Sofocadas las revueltas, Enrique encerró inmediatamente a Leonor en el castillo de Chinon y luego en la torre de Salisbury, donde permaneció bajo arresto (con bastante libertad de movimientos) hasta la muerte del rey Enrique, quince años después. A partir de ese momento, reanudó su vida de actividad. En primer lugar, se ocupó de Rosamund Clifford. Cuando ella falleciera, años atrás, Enrique le había hecho construir una suntuosa tumba en un monasterio, encargando misas y procesiones a perpetuidad. Leonor tenía algunas deudas que cobrarse. Desenterró y dispersó los restos, anuló rezos y procesiones y puso las cosas en su lugar, según ella. Una dulzura de mujer.


Como Ricardo Corazón de León (su hijo preferido) había alcanzado el trono, había que casarlo. Ya en una oportunidad, años atrás, se había concertado el matrimonio de Ricardo con Aélis, hija del rey Luís de Francia, ex marido de Leonor (todo quedaba en familia). Como Aélis era aún una niña, se la llevó a educar, según era costumbre, a la corte de Inglaterra. La niña creció y, a los trece años, su futuro suegro Enrique le echó el ojo y se la llevó a la cama, parece ser que de común acuerdo. Mucho no le importó a Ricardo, ya que era obstinadamente homosexual, pero el papelón no aumentó su amor filial.


Los esfuerzos de Leonor por volver a casar a Ricardo se concretaron. Ricardo casó (lo casaron) con Berenguela de Navarra. Por supuesto, el matrimonio no funcionó, sin sombra de hijos. Un proyecto de Leonor que fracasó. Las madres nunca se convencen de esas cosas. Para amargura de Leonor, la sucesión al trono de Inglaterra iba a recaer en Juan sin Tierras, el hijo que Leonor odiaba, con razón.

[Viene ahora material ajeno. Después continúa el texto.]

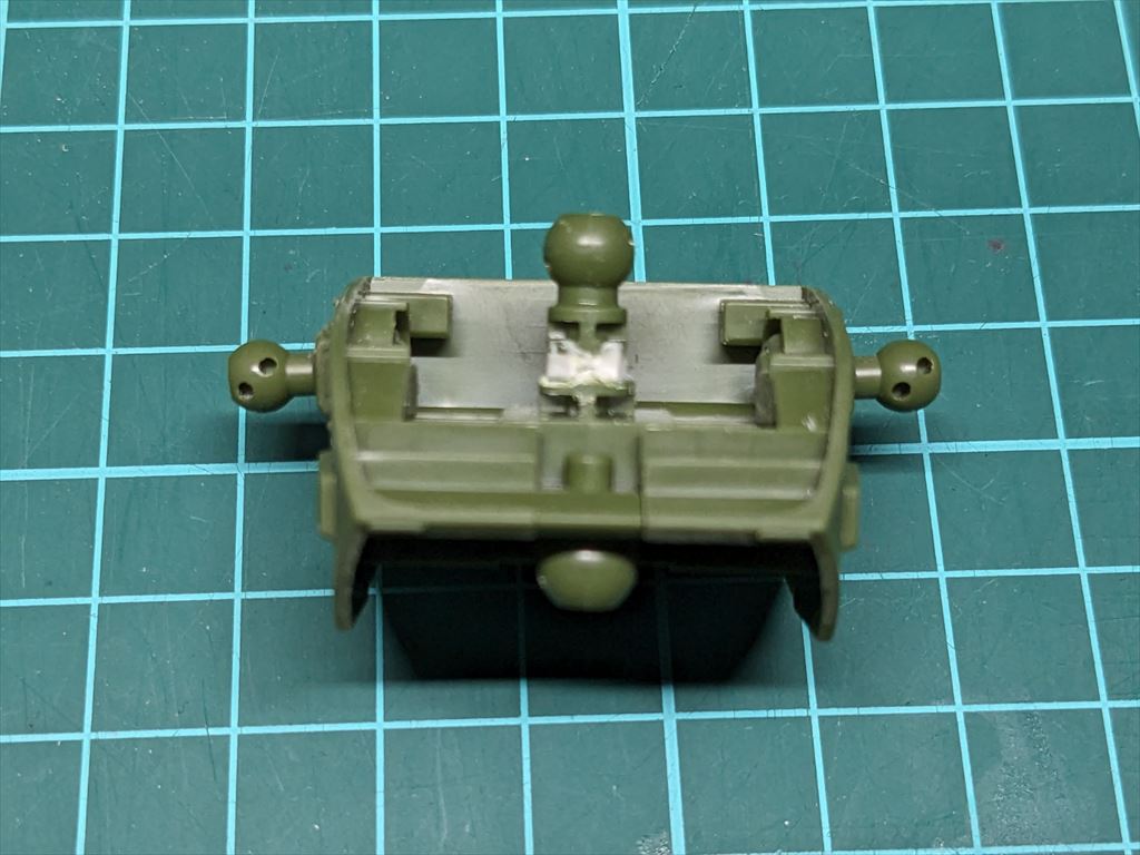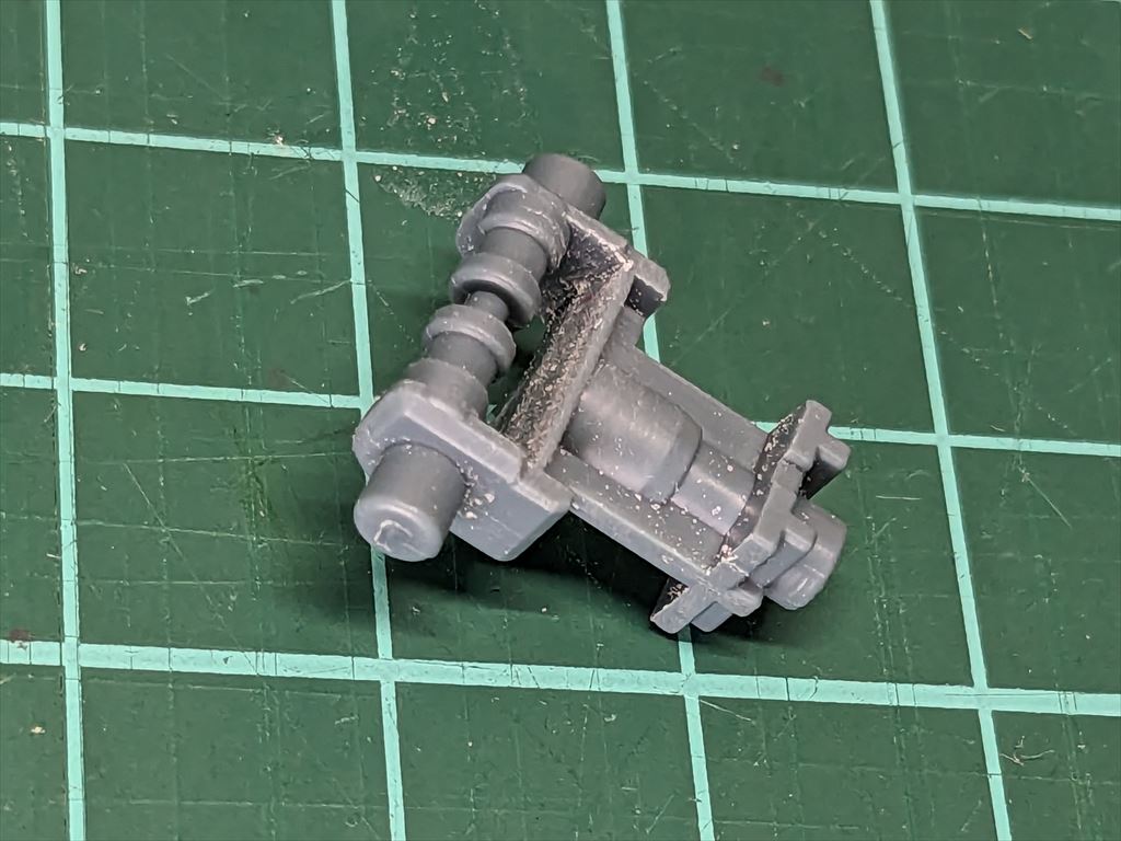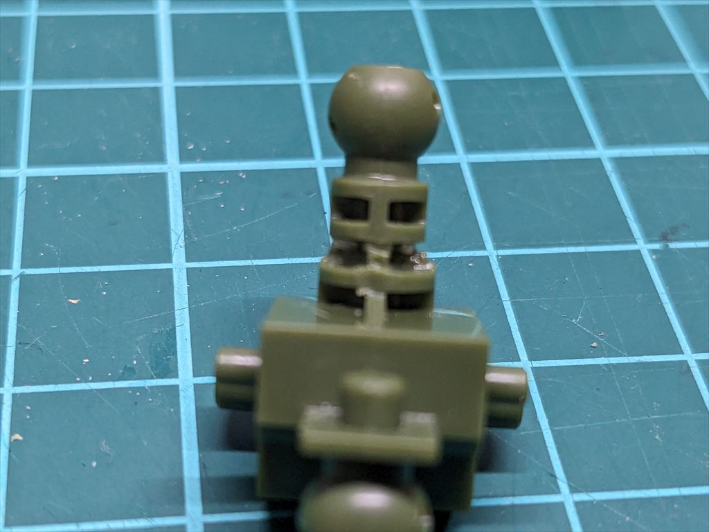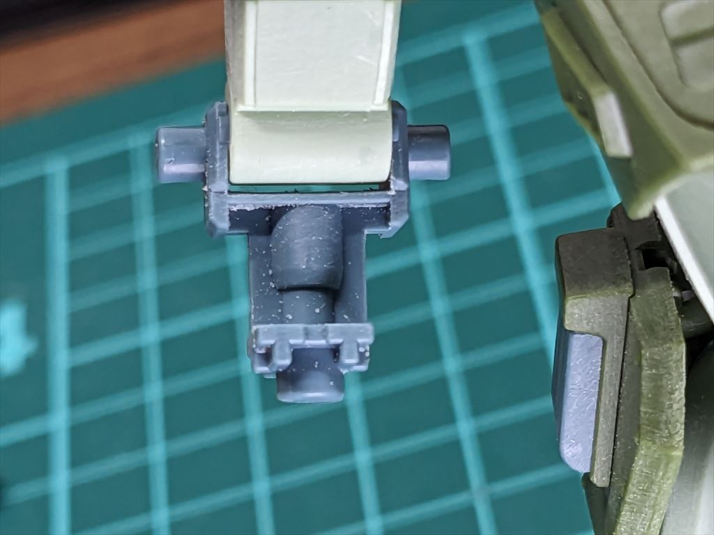 肘関節のクリアランスを確保するため、パーツD4の軸の下を削りました。

Y así fue envejeciendo la otrora hermosa, de radiante belleza, Leonor. La belleza pasó, pero la energía y el temple se mantuvieron intactos. Contando con casi ochenta años, da muestras de una fortaleza impresionante cuando decide cruzar los Pirineos y viajar hasta Castilla para escoger entre sus nietas, las infantas de Castilla, a la que se convertiría en la esposa del hijo de Felipe Augusto, el futuro Luís VIII. La escogida sería Blanca, una de las reinas de Francia más célebres, la que será formidable madre de San Luís, regente del reino en tres ocasiones y modelo de virtud y habilidad política.

Finalmente, a los ochenta y dos años, se decidió a fallecer. Sus restos reposan en la abadía de Fontevrault, junto con los de su esposo Enrique II y, a sus pies, la tumba con el cuerpo (las vísceras están enterradas en la catedral de Ruan, Francia) de Ricardo Corazón de león, su muy amado hijo.



Los espero a fines de agosto. Hasta entonces.